**Activity:** Make an exact copy of all the data, pictures excluded.

**Stored data:**
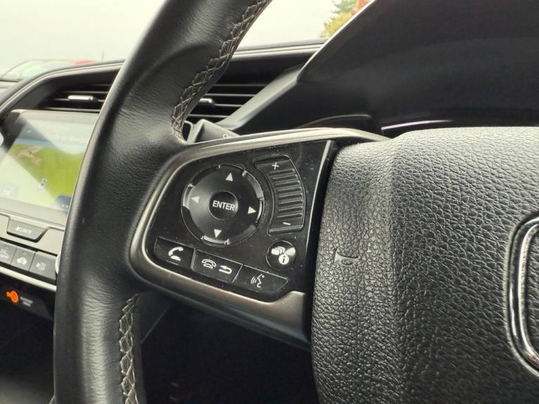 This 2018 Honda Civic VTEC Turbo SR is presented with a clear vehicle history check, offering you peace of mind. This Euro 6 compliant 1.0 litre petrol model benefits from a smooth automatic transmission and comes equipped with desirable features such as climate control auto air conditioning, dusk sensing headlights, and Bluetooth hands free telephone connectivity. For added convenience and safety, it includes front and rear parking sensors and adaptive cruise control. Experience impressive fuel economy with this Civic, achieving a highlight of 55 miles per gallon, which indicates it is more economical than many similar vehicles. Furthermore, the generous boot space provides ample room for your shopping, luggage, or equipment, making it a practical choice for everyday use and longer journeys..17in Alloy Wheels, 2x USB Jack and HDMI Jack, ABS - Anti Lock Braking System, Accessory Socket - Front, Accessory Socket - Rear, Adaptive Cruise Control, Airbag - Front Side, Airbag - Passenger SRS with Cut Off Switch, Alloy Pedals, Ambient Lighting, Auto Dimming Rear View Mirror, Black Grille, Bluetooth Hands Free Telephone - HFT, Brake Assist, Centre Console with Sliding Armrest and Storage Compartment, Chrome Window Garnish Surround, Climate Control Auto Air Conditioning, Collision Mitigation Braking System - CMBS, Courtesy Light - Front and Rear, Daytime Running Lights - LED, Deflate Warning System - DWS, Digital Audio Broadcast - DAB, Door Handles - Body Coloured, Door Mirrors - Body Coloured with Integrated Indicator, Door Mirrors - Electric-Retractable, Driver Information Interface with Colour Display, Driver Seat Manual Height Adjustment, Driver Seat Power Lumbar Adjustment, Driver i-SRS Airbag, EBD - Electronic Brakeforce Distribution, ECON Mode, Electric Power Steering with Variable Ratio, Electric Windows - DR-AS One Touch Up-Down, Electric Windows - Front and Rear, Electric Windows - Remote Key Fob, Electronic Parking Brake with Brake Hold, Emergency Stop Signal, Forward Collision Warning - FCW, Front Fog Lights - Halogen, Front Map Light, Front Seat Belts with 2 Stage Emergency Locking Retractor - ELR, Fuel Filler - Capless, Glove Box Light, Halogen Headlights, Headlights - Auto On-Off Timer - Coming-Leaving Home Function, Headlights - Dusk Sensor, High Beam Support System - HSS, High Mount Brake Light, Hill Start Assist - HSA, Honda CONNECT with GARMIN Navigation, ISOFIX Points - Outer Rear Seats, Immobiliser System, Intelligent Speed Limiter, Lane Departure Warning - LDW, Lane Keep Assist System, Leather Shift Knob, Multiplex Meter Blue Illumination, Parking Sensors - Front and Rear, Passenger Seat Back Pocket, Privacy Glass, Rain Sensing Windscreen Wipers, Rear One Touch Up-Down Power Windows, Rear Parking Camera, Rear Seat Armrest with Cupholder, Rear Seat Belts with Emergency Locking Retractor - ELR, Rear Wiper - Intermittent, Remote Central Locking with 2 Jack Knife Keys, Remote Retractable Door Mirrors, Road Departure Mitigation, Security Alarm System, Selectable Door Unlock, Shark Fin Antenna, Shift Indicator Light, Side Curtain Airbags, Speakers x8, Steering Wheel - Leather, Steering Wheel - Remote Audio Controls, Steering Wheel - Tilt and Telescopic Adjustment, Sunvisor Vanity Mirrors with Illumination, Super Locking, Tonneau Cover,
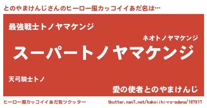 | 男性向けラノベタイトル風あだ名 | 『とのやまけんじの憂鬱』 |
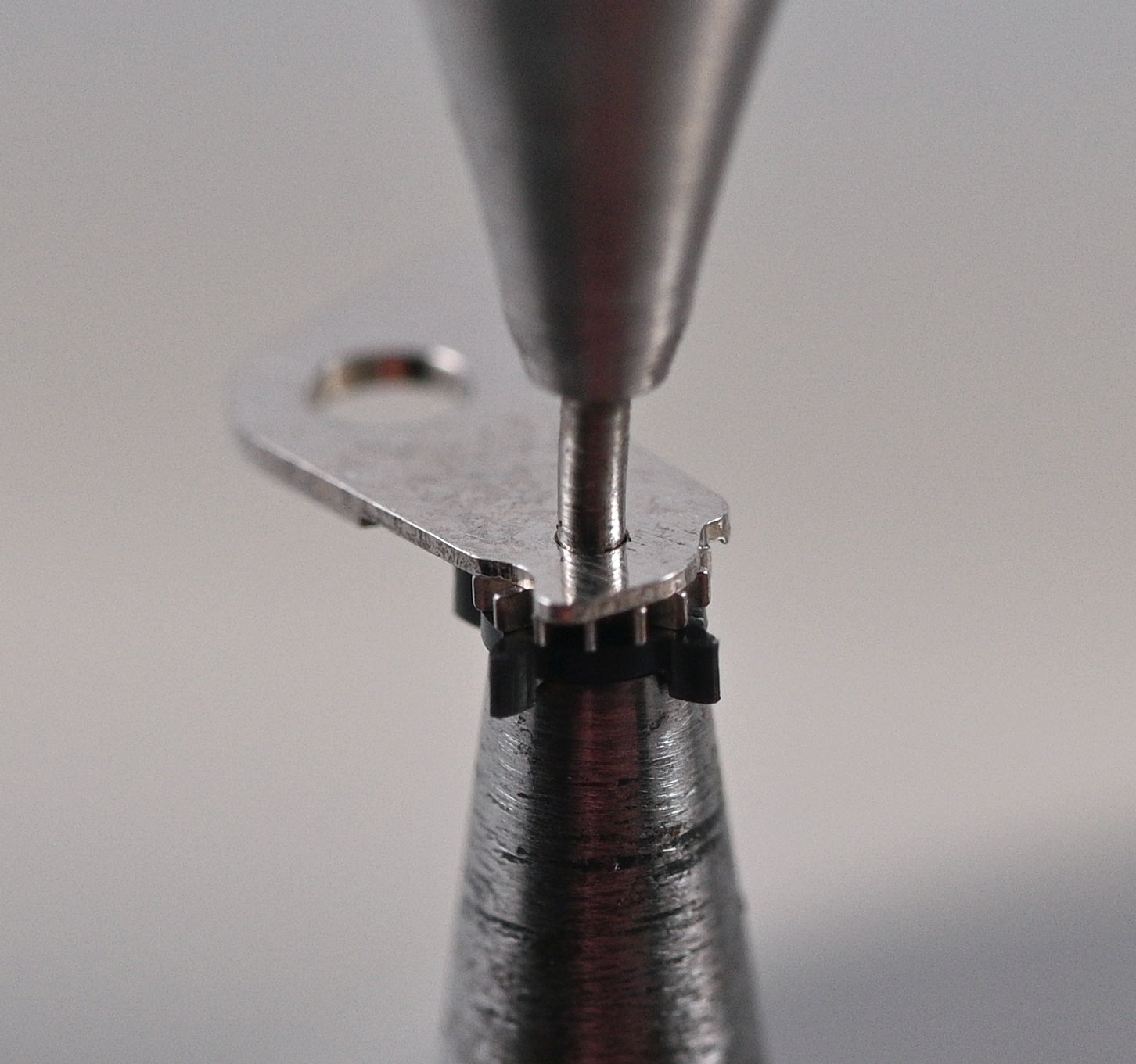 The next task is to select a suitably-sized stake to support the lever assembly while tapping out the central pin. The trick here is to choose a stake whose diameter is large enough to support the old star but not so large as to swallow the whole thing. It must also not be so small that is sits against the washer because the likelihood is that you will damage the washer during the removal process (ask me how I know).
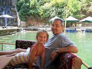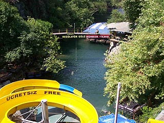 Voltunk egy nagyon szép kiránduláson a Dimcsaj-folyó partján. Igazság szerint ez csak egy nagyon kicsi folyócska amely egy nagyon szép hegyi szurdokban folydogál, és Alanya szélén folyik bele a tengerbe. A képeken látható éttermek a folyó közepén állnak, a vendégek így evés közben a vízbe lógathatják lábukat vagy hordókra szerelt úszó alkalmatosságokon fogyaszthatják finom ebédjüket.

**Response to this exercise:**
 This 2018 Honda Civic VTEC Turbo SR is presented with a clear vehicle history check, offering you peace of mind. This Euro 6 compliant 1.0 litre petrol model benefits from a smooth automatic transmission and comes equipped with desirable features such as climate control auto air conditioning, dusk sensing headlights, and Bluetooth hands free telephone connectivity. For added convenience and safety, it includes front and rear parking sensors and adaptive cruise control. Experience impressive fuel economy with this Civic, achieving a highlight of 55 miles per gallon, which indicates it is more economical than many similar vehicles. Furthermore, the generous boot space provides ample room for your shopping, luggage, or equipment, making it a practical choice for everyday use and longer journeys..17in Alloy Wheels, 2x USB Jack and HDMI Jack, ABS - Anti Lock Braking System, Accessory Socket - Front, Accessory Socket - Rear, Adaptive Cruise Control, Airbag - Front Side, Airbag - Passenger SRS with Cut Off Switch, Alloy Pedals, Ambient Lighting, Auto Dimming Rear View Mirror, Black Grille, Bluetooth Hands Free Telephone - HFT, Brake Assist, Centre Console with Sliding Armrest and Storage Compartment, Chrome Window Garnish Surround, Climate Control Auto Air Conditioning, Collision Mitigation Braking System - CMBS, Courtesy Light - Front and Rear, Daytime Running Lights - LED, Deflate Warning System - DWS, Digital Audio Broadcast - DAB, Door Handles - Body Coloured, Door Mirrors - Body Coloured with Integrated Indicator, Door Mirrors - Electric-Retractable, Driver Information Interface with Colour Display, Driver Seat Manual Height Adjustment, Driver Seat Power Lumbar Adjustment, Driver i-SRS Airbag, EBD - Electronic Brakeforce Distribution, ECON Mode, Electric Power Steering with Variable Ratio, Electric Windows - DR-AS One Touch Up-Down, Electric Windows - Front and Rear, Electric Windows - Remote Key Fob, Electronic Parking Brake with Brake Hold, Emergency Stop Signal, Forward Collision Warning - FCW, Front Fog Lights - Halogen, Front Map Light, Front Seat Belts with 2 Stage Emergency Locking Retractor - ELR, Fuel Filler - Capless, Glove Box Light, Halogen Headlights, Headlights - Auto On-Off Timer - Coming-Leaving Home Function, Headlights - Dusk Sensor, High Beam Support System - HSS, High Mount Brake Light, Hill Start Assist - HSA, Honda CONNECT with GARMIN Navigation, ISOFIX Points - Outer Rear Seats, Immobiliser System, Intelligent Speed Limiter, Lane Departure Warning - LDW, Lane Keep Assist System, Leather Shift Knob, Multiplex Meter Blue Illumination, Parking Sensors - Front and Rear, Passenger Seat Back Pocket, Privacy Glass, Rain Sensing Windscreen Wipers, Rear One Touch Up-Down Power Windows, Rear Parking Camera, Rear Seat Armrest with Cupholder, Rear Seat Belts with Emergency Locking Retractor - ELR, Rear Wiper - Intermittent, Remote Central Locking with 2 Jack Knife Keys, Remote Retractable Door Mirrors, Road Departure Mitigation, Security Alarm System, Selectable Door Unlock, Shark Fin Antenna, Shift Indicator Light, Side Curtain Airbags, Speakers x8, Steering Wheel - Leather, Steering Wheel - Remote Audio Controls, Steering Wheel - Tilt and Telescopic Adjustment, Sunvisor Vanity Mirrors with Illumination, Super Locking, Tonneau Cover,
 | 男性向けラノベタイトル風あだ名 | 『とのやまけんじの憂鬱』 |
 The next task is to select a suitably-sized stake to support the lever assembly while tapping out the central pin. The trick here is to choose a stake whose diameter is large enough to support the old star but not so large as to swallow the whole thing. It must also not be so small that is sits against the washer because the likelihood is that you will damage the washer during the removal process (ask me how I know).
 Voltunk egy nagyon szép kiránduláson a Dimcsaj-folyó partján. Igazság szerint ez csak egy nagyon kicsi folyócska amely egy nagyon szép hegyi szurdokban folydogál, és Alanya szélén folyik bele a tengerbe. A képeken látható éttermek a folyó közepén állnak, a vendégek így evés közben a vízbe lógathatják lábukat vagy hordókra szerelt úszó alkalmatosságokon fogyaszthatják finom ebédjüket.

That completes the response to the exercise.